SINO (Shutdown In Name Only)


Am I supposed to care about the latest (3rd in 2018, for the record) "shutdown" of the U.S. Government? Is all of this drama and blame game supposed to change my mind about substantive policy in this country?

I don't . . . and it doesn't.

For starters, the only reason I care about the "shutdown" is that it pisses me off that a bunch of politicians decide they want to have confrontational tactics to please their base; when such tactics result in real people being laid off; when such tactics underscore an already incessant notion that "public servants" are not admirable figures striving to better our society but instead "beaurocrats" to be derided, degraded, and discarded.

I think that if our politicians want to have a temper tantrum and shut down the government, then this "partial" shit has to stop. STOP making it convenient to throw a monkey wrench in the works. If we're shutting down the government, then lets shut it down. Stop sending SS checks. Stop making medicare payments. Stop paying the military (except those on active duty in a combat zone). Stop the customs office. Stop immigration services. Stop oversight of ports. These are easy.

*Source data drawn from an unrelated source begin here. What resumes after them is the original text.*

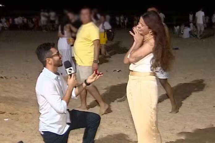 Durante cobertura do Réveillon, realizada pela TV Sergipe, afiliada da Globo, o repórter Antônio Cardoso resolveu surpreender a namorada, Larissa Natália Santos, com um pedido ao vivo.
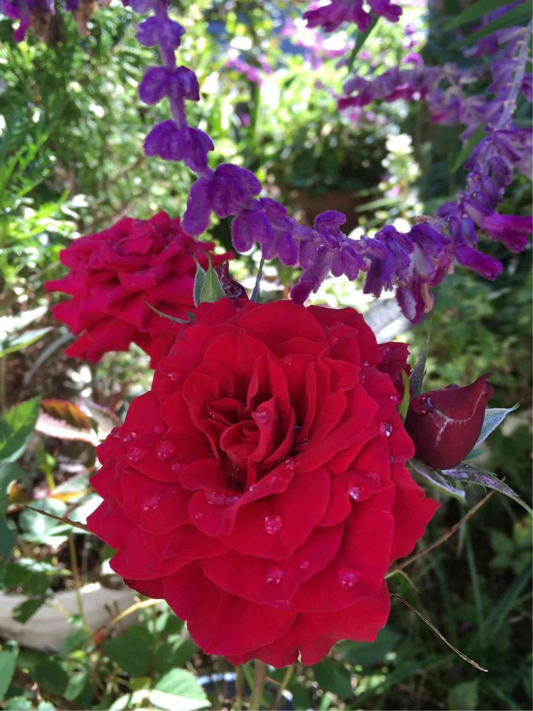 アメジストセージ💜どんどん背丈が伸びて風で曲がって ネックレスのチェーンのようですね😊➰
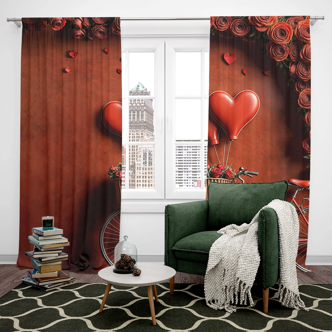 Be the first to review “Kalp Balonlarının ve Romantik Bisikletin Sanatsal Yansıması Fon Perde”
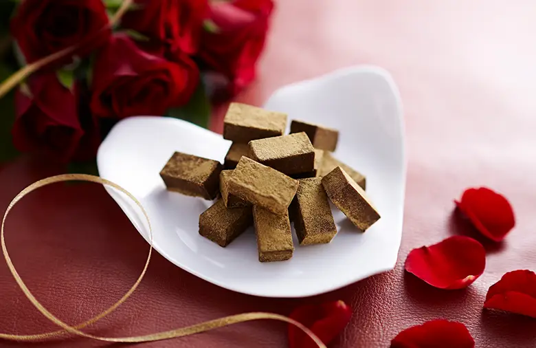 焙じ機で茶葉を褐色になるまで焙煎し、香味を向上させたものが「ほうじ茶」。このお茶の美味しさを存分に引き出した生チョコレートが完成しました。

I think the question is how far we want to go with this mechanism.

Do we shut down law enforcement? Do we stop the overnight lending at the fed?

Do we shut down courts?

What about prisons?

Anyway, I don't have all of those answers, but I adamantly believe that "shutdowns" should actually SHUT DOWN the government, at least in the main.

As to the second part of my initial inquiry: does this change my mind one iota with respect to domestic policy? Resoundingly not! I don't take philosophical guidance from bumper stickers and intellectual toddlers. To convince me to change my mind on substantive matters, one must show a measure of maturity and understanding of the issue before I engage in any sort of debate on the merits.

Friday, November 16, 2018

California Fires

I tend to think of some, but not all, of the wildfire problems in California in the same vein as I do the hurricane problems in FL. "Don't you kind of ask for these problems?" For example, if you live in Malibu, didn't you kind of ask for this? If you live on the coast in FL, didn't you kind of ask for the hurricane?

Now, we see reports of private fire fighting forces rushing in to aid the wealthy landowners in parts of California, while the less-wealthy residents of interior California are essentially homeless. I recently read a review of a book entitled "Let Malibu Burn." The basic point was that the broader, less-fortunate public, should not have to spend one cent of public money to rebuild mansions on sites that will inevitably burn every 20 years or so.

I think the same thing holds true for Malibu Mansions and Miami Mansions. You chose to live there. You can handle the consequences. I find it endlessly frustrating that people tend to embrace libertarian "every man for himself" ideals right up to the point that they need help from the broader public. I find this particularly frustrating when the well-to-do embrace that ideal as to poor people's healthcare but reject it as to their own mansions.

Saturday, November 10, 2018

Jam for Jay

By every account I've heard, Jay Koontz was a wonderful man. He died too young as a result of leukemia. His widow Linda has ever since hosted a concert at the Firefighters' Union Hall on Mass. Ave. entitled Jam for Jay as a fundraiser for leukemia and lymphoma research. It is a good event for a good cause. You can bring your own picnic and booze, if you're into that kind of thing.

I play in the band.

If you want to have some fun and donate money (if you can) to a good cause, please come out and join tonight at 7:00. As I said, it is on Mass. Ave., just southwest of College and across the street from the Mass. Ave. Pub. The Firefighters' Union Hall.



Friday, November 9, 2018

Economic Development Question

I hear often about "economic development" plans from localities that are essentially subsidizing private projects via tax dollars, either directly by backing bonds or indirectly by giving tax deferrals. Either way, these subsidies amount to millions of dollars spent by localities in furtherance of private industry.

Two examples of taxpayer-subsidized projects come to mind: Lucas Oil Stadium and the Wilshaw development. I have said before that if the Town of Speedway wants public parking, it should just build a parking garage instead of borrowing the money to build one, lending that money to a developer, then leasing the garage to the developer in exchange for revenue from the garage. It's a rube goldberg device.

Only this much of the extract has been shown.